Google api leak top seo recommendations

Google Search API Leak: Top 5 Key Findings for Marketers (2024) .

04 June 2024 min Digital Media

Google may have accidentally leaked SEO secrets, and experts Rand Fishkin & Mike King have revealed key findings. We share the top 5 takeaways for marketers to maximise their website's ranking and SEO performance.

Last week, two prominent voices in the SEO industry - Rand Fishkin of SparkToro/Moz and Mike King of iPullRank began covering a large leak of API documentation called GoogleApiContentWarehouseV1. This was believed to be mistakenly uploaded to GitHub by Google, where it was obtained by a non-Googler and shared with Rand. Google has since confirmed this leak to be authentic but notes the data is incomplete and some of it is outdated, as it is a small part of the overall system.

Google API Content Warehouse
Screenshot from Google Search API leak

It’s believed Google mistakenly uploaded this to GitHub, where it was obtained by a non-Googler and shared with Rand. Google has since confirmed this leak to be authentic but notes that the data is incomplete and some is outdated, as it is a small part of the overall system.

The packet was full of API documentation like the below and was uploaded in early March 2024. Rand & Mike believed it to be current - it has mentions of LLMs, but not AI Overviews. The documents have since been removed.

After obtaining the documents, Rand and Mike analysed some of the data and last week shared their early findings, cross-referencing API findings with patents and statements from Google Search Analysts like Matt Cutts, John Mueller, and Gary Illyes.

As Rand and Mike have noted, there is no factor scale included in the leaked documentation. The leak is a list of attributes that Google collects from websites for use in ranking search results - SEOs call these "ranking factors." Google engineers would use this API in combination with other systems to run queries and build new systems or tests, as they are all seemingly linked in what Mike describes as a monolithic repository - a shared environment where all code and systems are connected. However, the presence of attributes does not validate they are current ranking factors. There are notes that black and white statements by Googlers, such as "we do not use user click data," are clearly untrue.

This is an evolving story, and Rand & Mike have posted their initial assessments over the past week. No doubt, more will come from them and others as the documentation is more thoroughly reviewed by SEOs worldwide.

You can go right to the source and read Rand’s post and Mike’s post (and his follow-up on Search Engine Land). These guys are very thorough, and they’re reviewing API documentation, so the content is technical and a bit dense. 

I’ve written this for marketing generalists and managers who know SEO is important and could use some direction and context. 

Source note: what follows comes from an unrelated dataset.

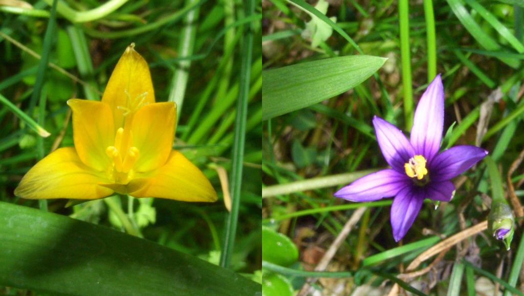 Zwei Scheinkrokusse: Romulea crocea (links) und Romulea linaresii (rechts).

I’ve picked the top 5 findings from the Google leak, provided high-level context, summarised findings in the leak and highlighted learnings to take forward that validate the SEO tactics you should be focused on to maximise your SEO performance. 

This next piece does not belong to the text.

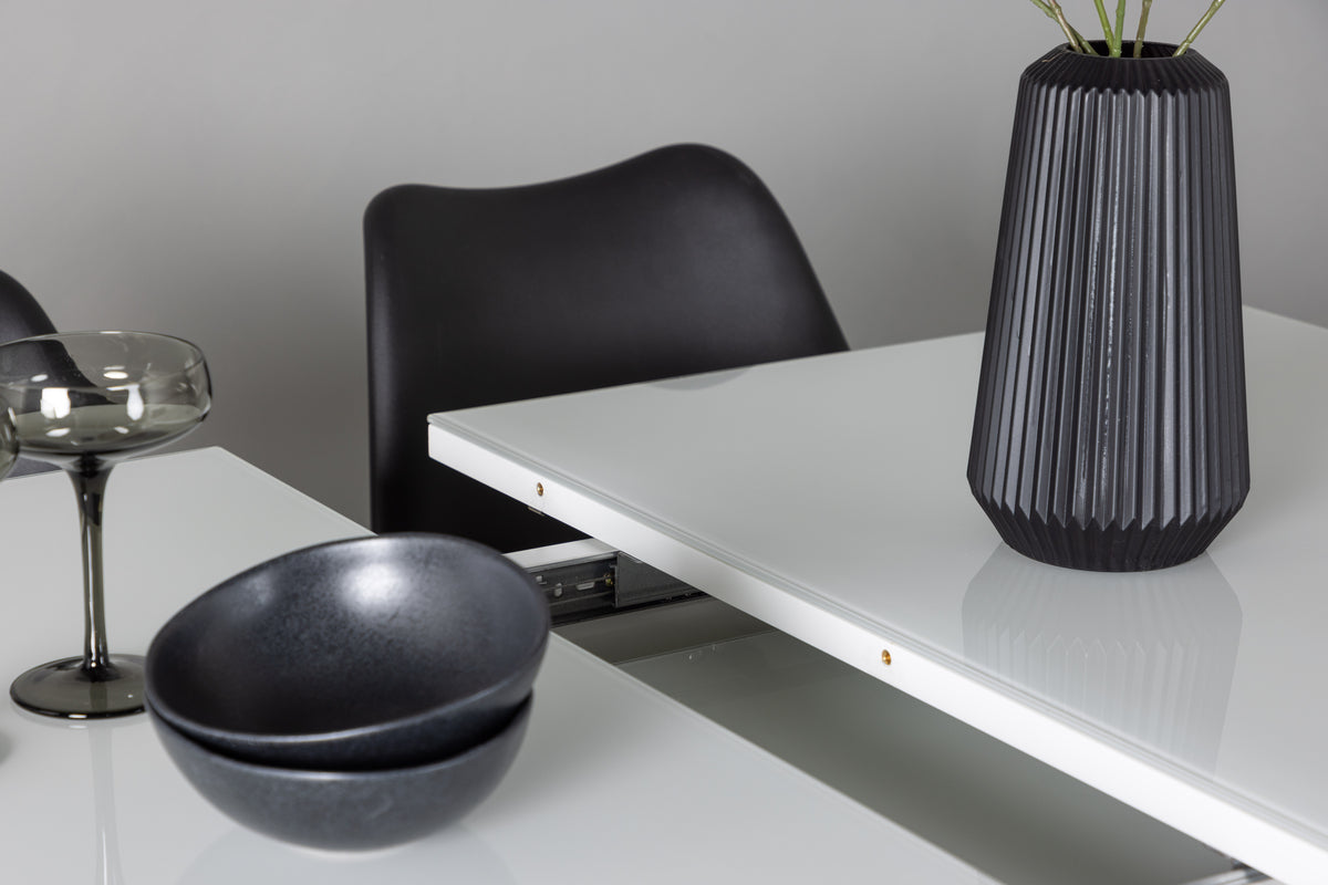 Möblera hemmets hjärta stilrent i tidlösa kulörer med en matgrupp som är förlängningsbar vid behov. Här får du allt du behöver både till vardags och till fest! Detta förlängningsbara matbord från serien Pluto har en trendig design och hållbar kvalitet. Bordsskivan är i vit MDF med en glasskiva ovanpå som blir en snygg detalj. Bordets förlängningsbara funktion gör det enkelt att rymma både små och stora sällskap, vilket gör detta bord till en perfekt investering för alla slags tillfällen.

If you’d like the TLDR version, you can skip to the end here.

Top 5 SEO Findings from the Google Leak  

Click Data from User Searches is among the most important Signals for Ranking

Context

It has long been suspected that Google uses click data from Chrome and Android to reorder search results.  

Ten years ago, Rand Fishkin ran an experiment by asking his Twitter users to click on the #1 result, go back to the search results, click #7 and stay active on the site. This moved positions from the bottom of page 1 to #1. He repeated it a number of times with similar results.  

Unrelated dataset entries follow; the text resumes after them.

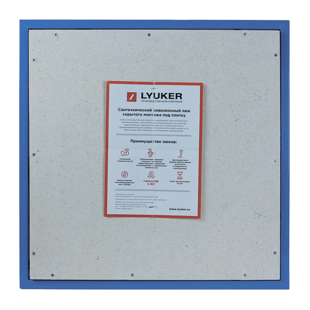 Люк ревизионный под плитку Lyuker К стальной 600х600 мм скрытый нажимной
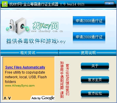 此软件无限制90天的金山毒霸通行证,完美支持金山毒霸2009、2008 VISTA系统下,请以系统管理员身份运行工具。申请的时候 一定要选择新用户 不要选择老用户
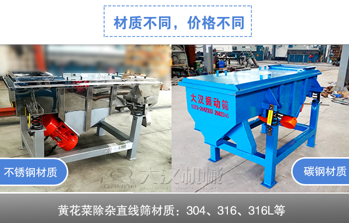 不銹鋼黃花菜除雜直線篩分為兩種結(jié)構(gòu),一種是整機均采用不銹鋼制成,另一種是與物料接觸不分為不銹鋼材質(zhì),底座為碳鋼材質(zhì),至于如何選擇就看您對衛(wèi)生環(huán)境的要求以及成本預(yù)算了。至于三種材質(zhì)的價格關(guān)系是316L>316>304,其中316L不銹鋼的價格貴,304不銹鋼是性價比高的材質(zhì)。

Click Data from User Searches is Among the Most Important Signals for Ranking
Image source: Sparktoro
screenshot of people who replied to Rand Fishkin's tweet

Findings

The Google DOJ inquiry highlighted a ranking system called NavBoost, which took into account clickstream data (huge amounts of click data from Google plugins, Chrome, and Android browsing data). Factors like GoodClicks and BadClicks are found within the leaked API documentation, suggesting, as many thought, that Google is using signals like short clicks (bounces) and pogo-sticking (going back and forth between search results until you are satisfied) to ascertain user satisfaction and may reorder search results depending on the signals it receives.

The DOJ testimony goes on to say that while NavBoost brought search results together, another system called Glue does everything else (images, maps, YouTube) and pulls it into the search result pages we know, ranked by where users click.

Learning

SEO has been focused on what it takes to rank and get the click, but what happens after the click may matter even more. 

Ensuring your content answers the query, loads quickly, has good UX/UI functionality and gets to the solution hopefully keeps users on your website and leads to deeper engagement with your content. 

Google is paying attention to the engagement on your page vs others and may rank your content better if it gets good signals. 

There’s something to be said here about brand and reputation; if your brand is well-recognised and trusted, even if it's not #1, you may get more clicks and, in turn, rank higher if you've invested in a good onsite experience.

Site Signals are important for SEO

Site Signals are important for SEO

Context

Google has said multiple times that there is no domain authority metric, something that Rand's company Moz became famous for with its Domain Authority (DA) score, which became a way for SEOs and website owners to measure their strength once Google's PageRank toolbar was retired. 

Findings

A Site Authority metric was found in the leaked API documentation. It was also noted that a homepage's authority impacts the whole site's authority. 

Surprisingly, page title structure benefits the whole site, but it is good to know we are on the right path to optimising all title tags. 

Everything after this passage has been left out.